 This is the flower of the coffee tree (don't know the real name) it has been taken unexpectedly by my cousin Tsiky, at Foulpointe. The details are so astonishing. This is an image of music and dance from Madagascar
==
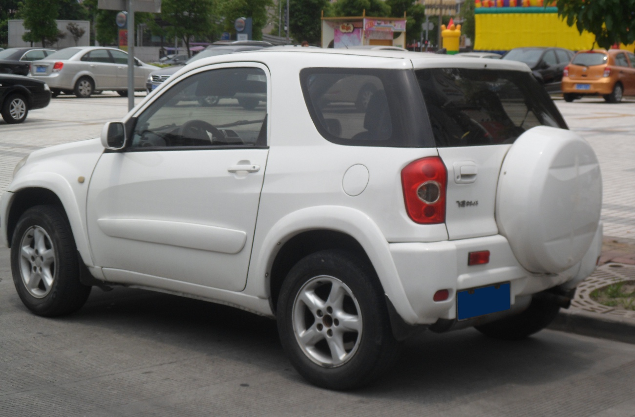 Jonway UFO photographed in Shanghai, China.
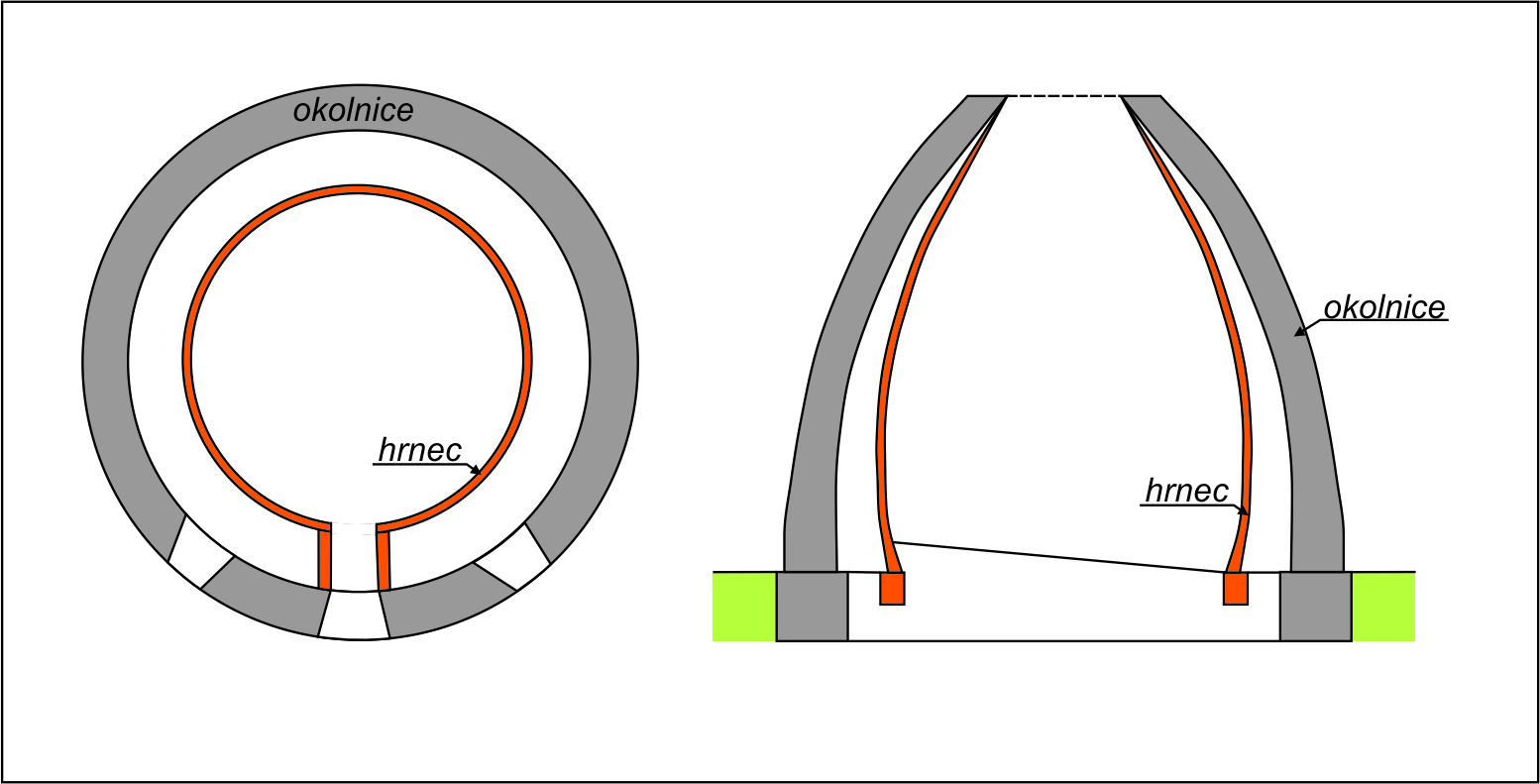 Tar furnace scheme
...
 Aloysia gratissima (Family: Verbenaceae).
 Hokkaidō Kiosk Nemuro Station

_HOW TO COMPLETE THIS TASK_
An exact copy is needed. It runs from the line above containing "Jonway UFO photographed in Shanghai, China." down to the line containing "Tar furnace scheme", both included, with no pictures.

_WRITTEN SOLUTION_
 Jonway UFO photographed in Shanghai, China.
 Tar furnace scheme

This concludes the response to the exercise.